** Data for the task follows **

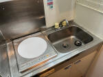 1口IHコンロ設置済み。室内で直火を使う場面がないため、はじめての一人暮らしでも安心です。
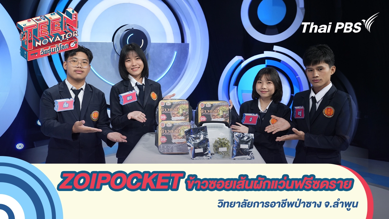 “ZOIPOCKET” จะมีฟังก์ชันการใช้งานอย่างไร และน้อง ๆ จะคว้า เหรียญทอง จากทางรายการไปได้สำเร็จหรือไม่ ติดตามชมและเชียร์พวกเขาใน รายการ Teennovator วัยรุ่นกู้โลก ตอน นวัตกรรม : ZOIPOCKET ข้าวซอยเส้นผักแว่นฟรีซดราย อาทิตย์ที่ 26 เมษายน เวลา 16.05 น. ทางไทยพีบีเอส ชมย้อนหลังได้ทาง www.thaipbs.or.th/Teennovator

** End of Data for the task **
** Data for the task follows **

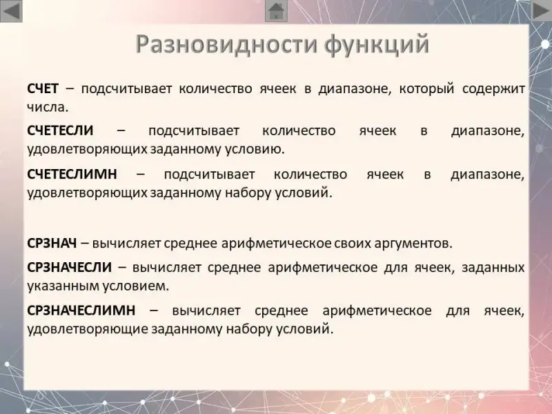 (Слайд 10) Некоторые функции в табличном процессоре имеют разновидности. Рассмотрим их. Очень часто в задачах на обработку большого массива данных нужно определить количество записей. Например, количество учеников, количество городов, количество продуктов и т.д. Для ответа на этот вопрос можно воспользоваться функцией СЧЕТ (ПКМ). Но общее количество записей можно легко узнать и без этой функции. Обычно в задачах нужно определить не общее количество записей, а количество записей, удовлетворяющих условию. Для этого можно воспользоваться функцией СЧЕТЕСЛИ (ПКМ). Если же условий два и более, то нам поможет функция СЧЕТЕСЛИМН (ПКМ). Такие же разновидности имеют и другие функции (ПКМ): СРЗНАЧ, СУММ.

** End of Data for the task **

◆ Work instruction: Copy out exactly the lines above beginning with the line that contains "1口IHコンロ設置済み。室内" and finishing with the line that contains "ทางไทยพีบีเอส ชมย้อนหลังได้ทาง www.thaipbs.or.th/Teennovator", including both; leave the pictures out.

◆ Result below:
 1口IHコンロ設置済み。室内で直火を使う場面がないため、はじめての一人暮らしでも安心です。
 “ZOIPOCKET” จะมีฟังก์ชันการใช้งานอย่างไร และน้อง ๆ จะคว้า เหรียญทอง จากทางรายการไปได้สำเร็จหรือไม่ ติดตามชมและเชียร์พวกเขาใน รายการ Teennovator วัยรุ่นกู้โลก ตอน นวัตกรรม : ZOIPOCKET ข้าวซอยเส้นผักแว่นฟรีซดราย อาทิตย์ที่ 26 เมษายน เวลา 16.05 น. ทางไทยพีบีเอส ชมย้อนหลังได้ทาง www.thaipbs.or.th/Teennovator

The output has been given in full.